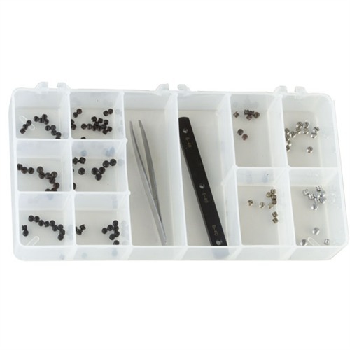 050806102675 Praktische, kostensparende Auswahl an positiven Stop- und Standard-Plug-Schrauben in den beiden beliebtesten Größen. Plug-Schrauben sind ein echter Zeitersparer in der Werkstatt. Schnelle und einfache Möglichkeit, Löcher in Läufen und Gehäusen von Feuerwaffen zu füllen. Sie können bündig geschliffen und blau oder poliert werden, und meistens wird es schwer sein zu erkennen, ob jemals ein Loch vorhanden war. Positive Stop-Schrauben haben eine abgerundete Oberseite, die sich nahtlos in die meisten Laufkonturen einfügt, ohne dass geschliffen werden muss. Das Kit enthält außerdem ein Paar verchromte, flachzahnige Pinzetten, um die richtige Schraube leicht aufzuheben, und unser praktisches Checker/Shortener Jig macht das Schleifen der Schrauben auf die richtige Länge schnell und einfach.Nachbestellt, Lieferzeit ca. 4-12 Wochen aus dem Großlager.
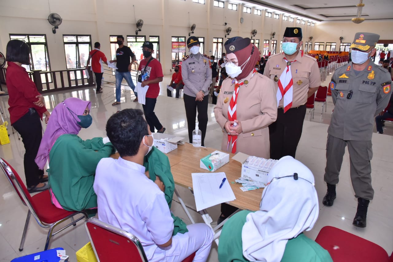 SUKOHARJO – Bupati Sukoharjo Etik Suryani terus mendorong masyarakat agar mengikuti vaksinasi. Hal itu disampaikan saat melakukan pantauan pelaksanaan vaksinasi di Graha PGRI, Selasa (16/11/2021).
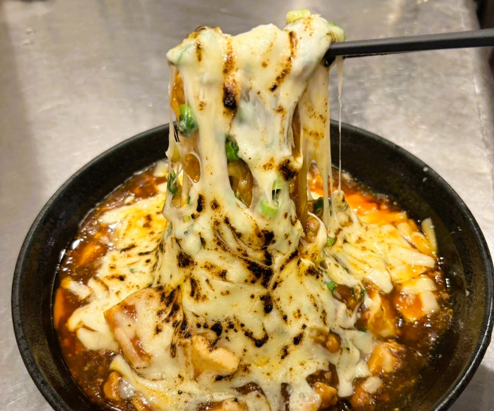 麺の上にチーズをたっぷり!その上に麻婆豆腐をのせるので、食べ進むうちにチーズがとろけて麺が絡みまくります。
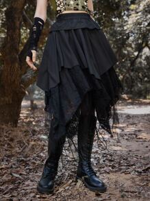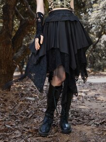 Goth Contrast Lace Asymmetrical Hem Skirt
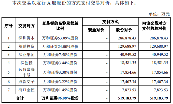 国信证券2025年6月11日披露的发行股份购买资产暨关联交易报告书(草案)摘要(上会稿)显示,本次交易的整体方案为公司拟通过发行A股股份的方式向深圳资本、鲲鹏投资、深业集团、深创投、远致富海十号、成都交子、海口金控购买其合计持有的万和证券96.08%的股份,本次交易不涉及募集配套资金。本次交易完成后,万和证券将成为公司的控股子公司。
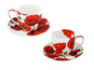 Zestaw dwóch filiżanek ze spodkami ozdobionych makami polnymi ale każdy na innym tle. Filiżanki zostały zapakowane w wysokiej jakości pudełko - kuferek, co dodatkowo zwiększa prestiż produktu.
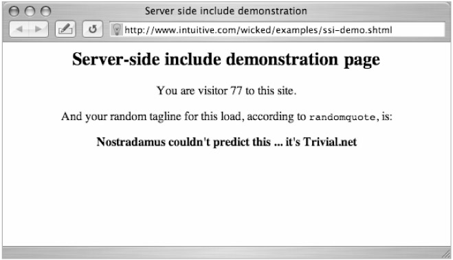 A short SSI page that includes a call to the counter.sh script is shown in Figure 8-7. This same HTML page also uses Script #76, Displaying Random Text.
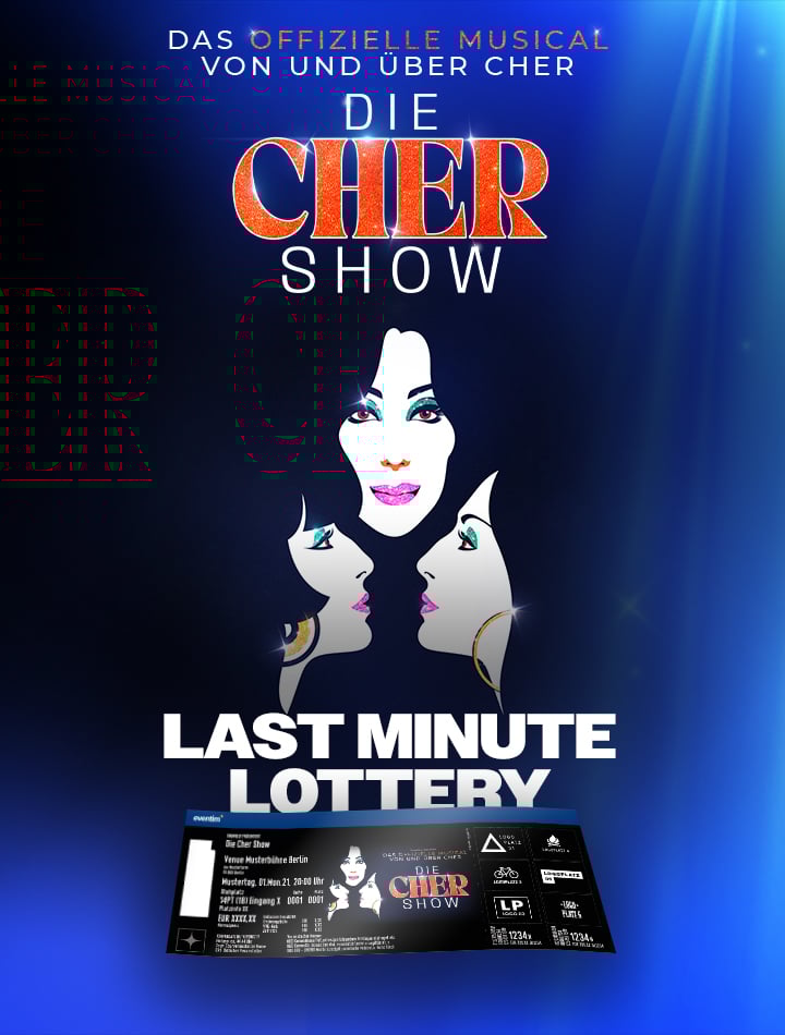 Jeden Dienstag verlosen wir unter Teilnehmenden der BlueMax-Lottery 20 Last Minute-Tickets pro Vorstellung in der aktuellen Spielwoche von „DIE CHER SHOW – Das offizielle Musical von und über CHER“ – und das zum exklusiven Sonderpreis von nur 30 € pro Ticket!
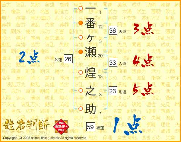 一番ヶ瀬煌之助さんの総運は59画の1点!
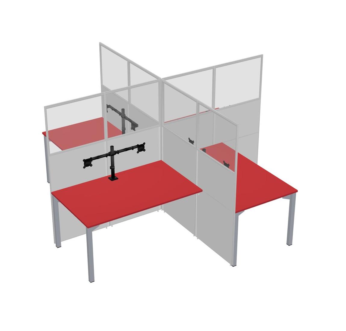 Postes De Travail Quadruples Prism Red Pour 4 Personnes + Bras Pour écran (bras Doubles)

Task goal:
An answer containing only the lines from the one holding "一番ヶ瀬煌之助さんの総運は59画の1点!" through the close of the entries above, reproduced exactly and stripped of pictures, is expected.

Task response:
 一番ヶ瀬煌之助さんの総運は59画の1点!
 Postes De Travail Quadruples Prism Red Pour 4 Personnes + Bras Pour écran (bras Doubles)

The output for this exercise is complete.